§ **Action item**
Could you copy every record exactly, leaving the pictures behind?

§ **Supplied records**
-- Opening Marker --

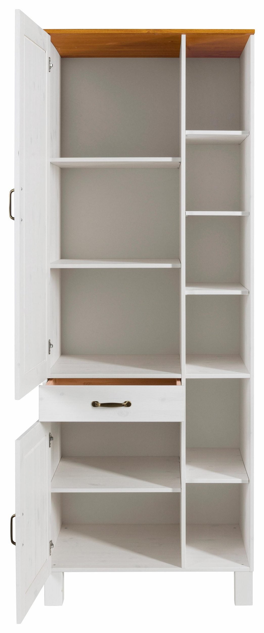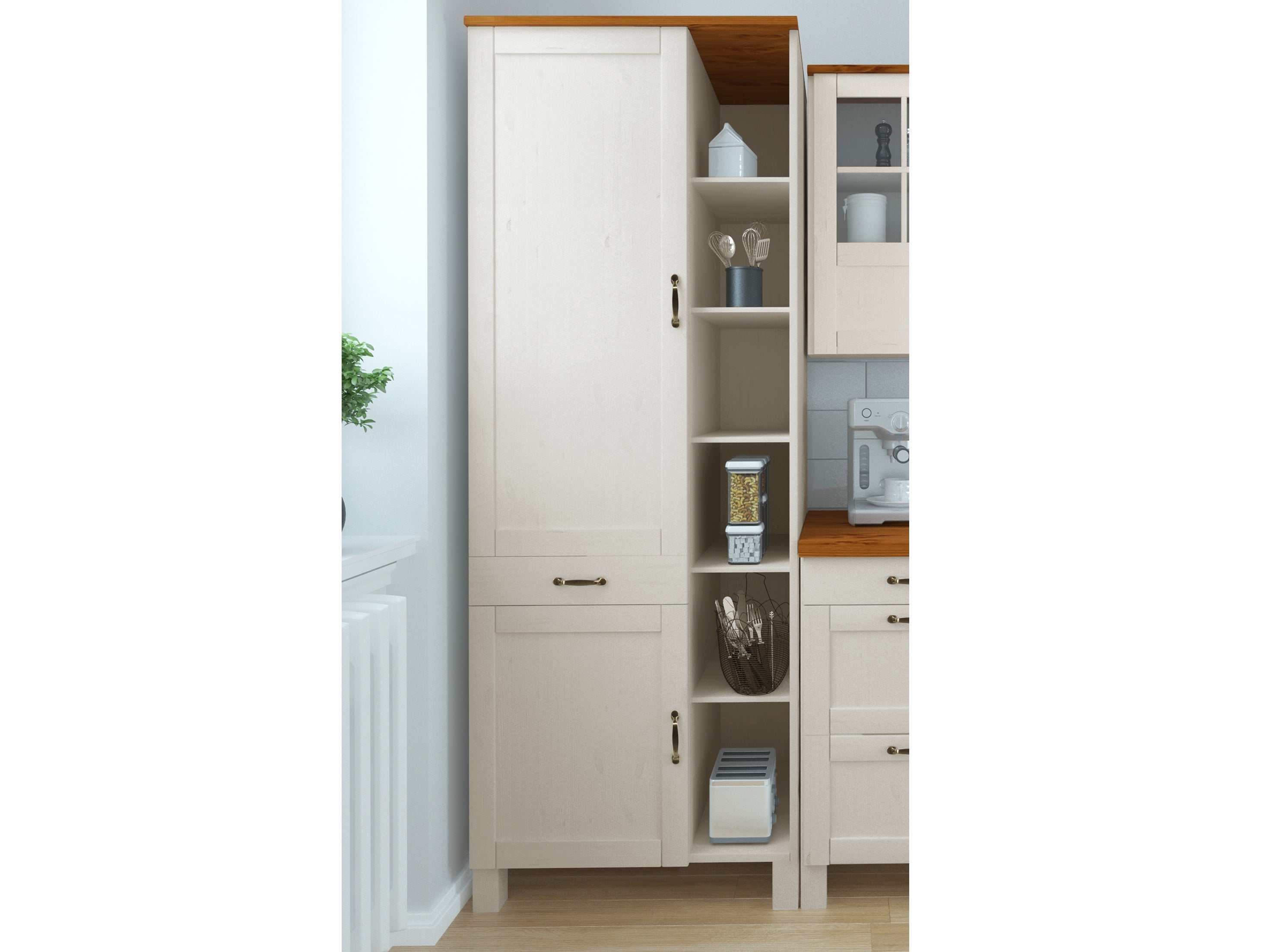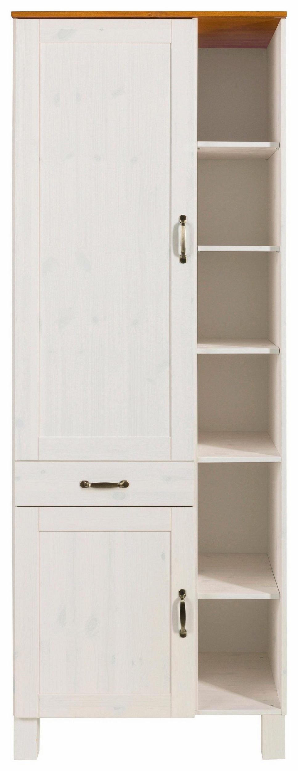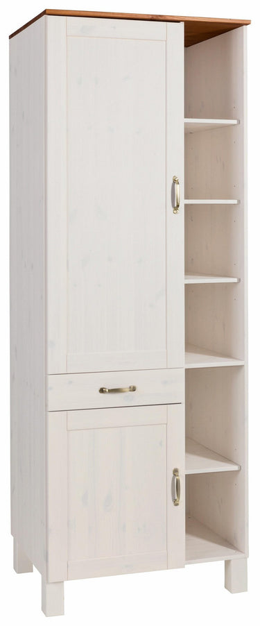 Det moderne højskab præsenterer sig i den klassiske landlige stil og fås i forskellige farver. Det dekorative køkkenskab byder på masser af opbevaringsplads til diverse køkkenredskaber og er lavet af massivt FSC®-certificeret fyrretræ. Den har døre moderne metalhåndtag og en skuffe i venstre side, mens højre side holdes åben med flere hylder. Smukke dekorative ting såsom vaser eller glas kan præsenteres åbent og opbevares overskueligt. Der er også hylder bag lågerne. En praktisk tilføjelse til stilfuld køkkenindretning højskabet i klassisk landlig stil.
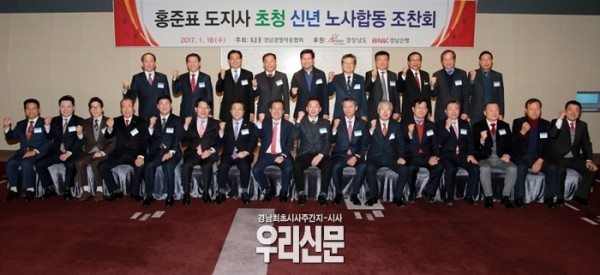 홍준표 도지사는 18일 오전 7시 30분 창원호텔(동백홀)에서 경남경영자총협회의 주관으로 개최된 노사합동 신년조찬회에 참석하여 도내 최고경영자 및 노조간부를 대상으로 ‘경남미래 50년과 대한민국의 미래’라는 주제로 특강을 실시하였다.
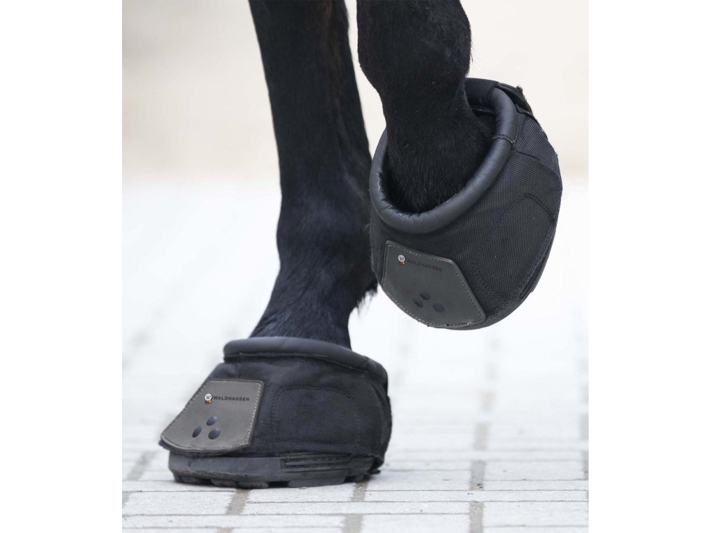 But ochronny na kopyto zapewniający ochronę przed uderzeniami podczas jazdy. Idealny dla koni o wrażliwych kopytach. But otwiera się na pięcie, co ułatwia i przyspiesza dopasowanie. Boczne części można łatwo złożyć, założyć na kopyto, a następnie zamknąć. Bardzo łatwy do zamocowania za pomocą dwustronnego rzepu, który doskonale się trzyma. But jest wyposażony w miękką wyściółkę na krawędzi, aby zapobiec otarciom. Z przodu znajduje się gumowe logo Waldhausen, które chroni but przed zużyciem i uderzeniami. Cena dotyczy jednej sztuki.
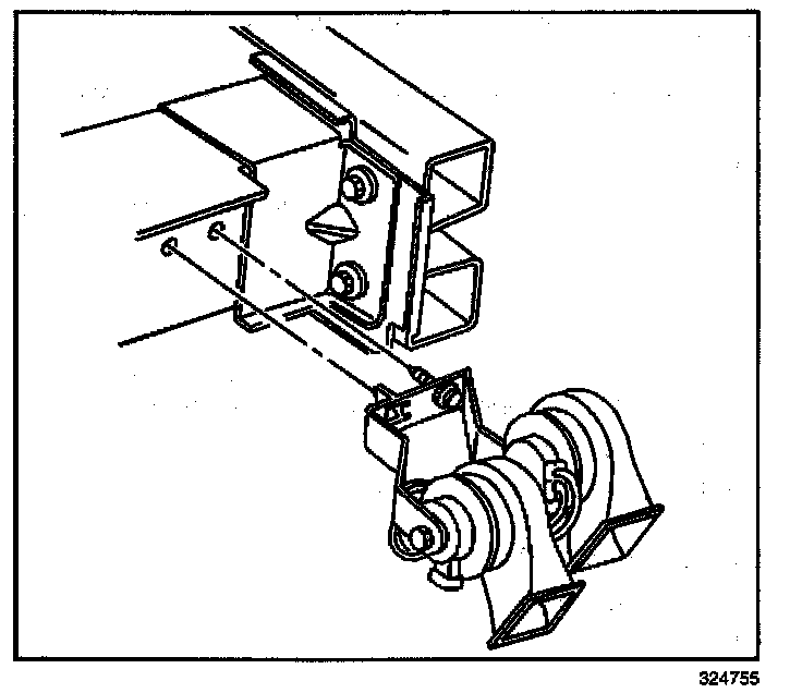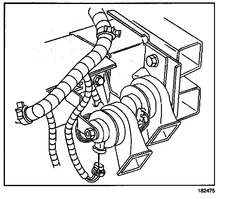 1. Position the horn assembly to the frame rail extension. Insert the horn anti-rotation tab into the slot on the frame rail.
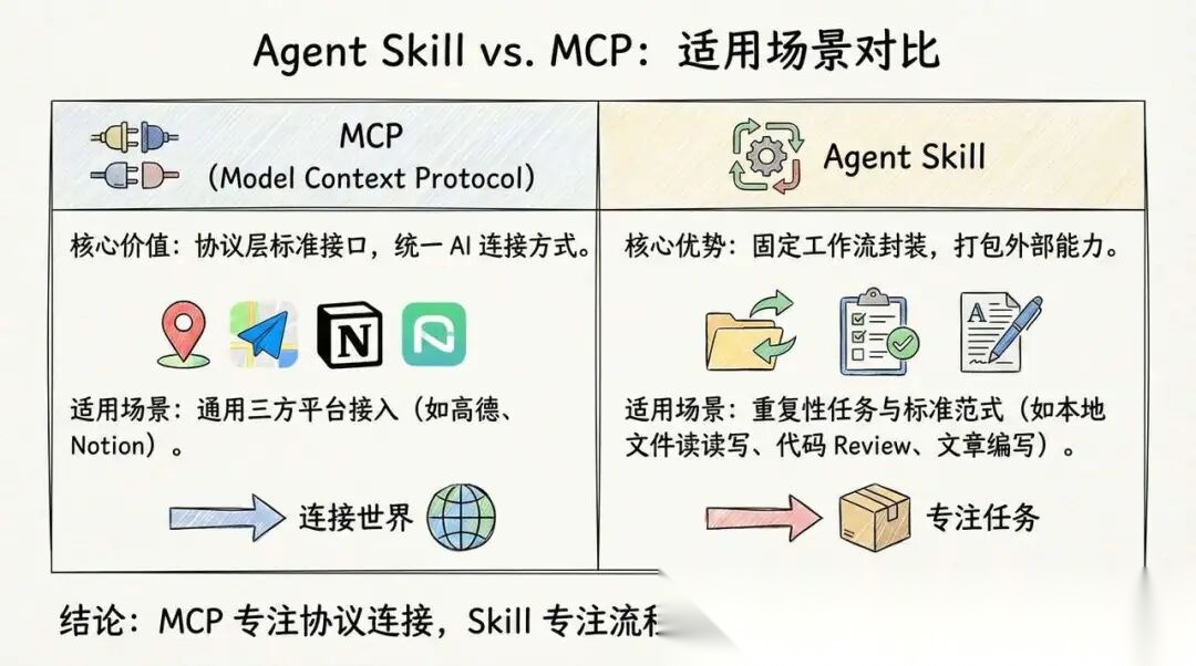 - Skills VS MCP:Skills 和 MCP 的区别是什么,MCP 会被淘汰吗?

-- Closing Marker --

§ **Written solution**
 Det moderne højskab præsenterer sig i den klassiske landlige stil og fås i forskellige farver. Det dekorative køkkenskab byder på masser af opbevaringsplads til diverse køkkenredskaber og er lavet af massivt FSC®-certificeret fyrretræ. Den har døre moderne metalhåndtag og en skuffe i venstre side, mens højre side holdes åben med flere hylder. Smukke dekorative ting såsom vaser eller glas kan præsenteres åbent og opbevares overskueligt. Der er også hylder bag lågerne. En praktisk tilføjelse til stilfuld køkkenindretning højskabet i klassisk landlig stil.
 홍준표 도지사는 18일 오전 7시 30분 창원호텔(동백홀)에서 경남경영자총협회의 주관으로 개최된 노사합동 신년조찬회에 참석하여 도내 최고경영자 및 노조간부를 대상으로 ‘경남미래 50년과 대한민국의 미래’라는 주제로 특강을 실시하였다.
 But ochronny na kopyto zapewniający ochronę przed uderzeniami podczas jazdy. Idealny dla koni o wrażliwych kopytach. But otwiera się na pięcie, co ułatwia i przyspiesza dopasowanie. Boczne części można łatwo złożyć, założyć na kopyto, a następnie zamknąć. Bardzo łatwy do zamocowania za pomocą dwustronnego rzepu, który doskonale się trzyma. But jest wyposażony w miękką wyściółkę na krawędzi, aby zapobiec otarciom. Z przodu znajduje się gumowe logo Waldhausen, które chroni but przed zużyciem i uderzeniami. Cena dotyczy jednej sztuki.
 1. Position the horn assembly to the frame rail extension. Insert the horn anti-rotation tab into the slot on the frame rail.
 - Skills VS MCP:Skills 和 MCP 的区别是什么,MCP 会被淘汰吗?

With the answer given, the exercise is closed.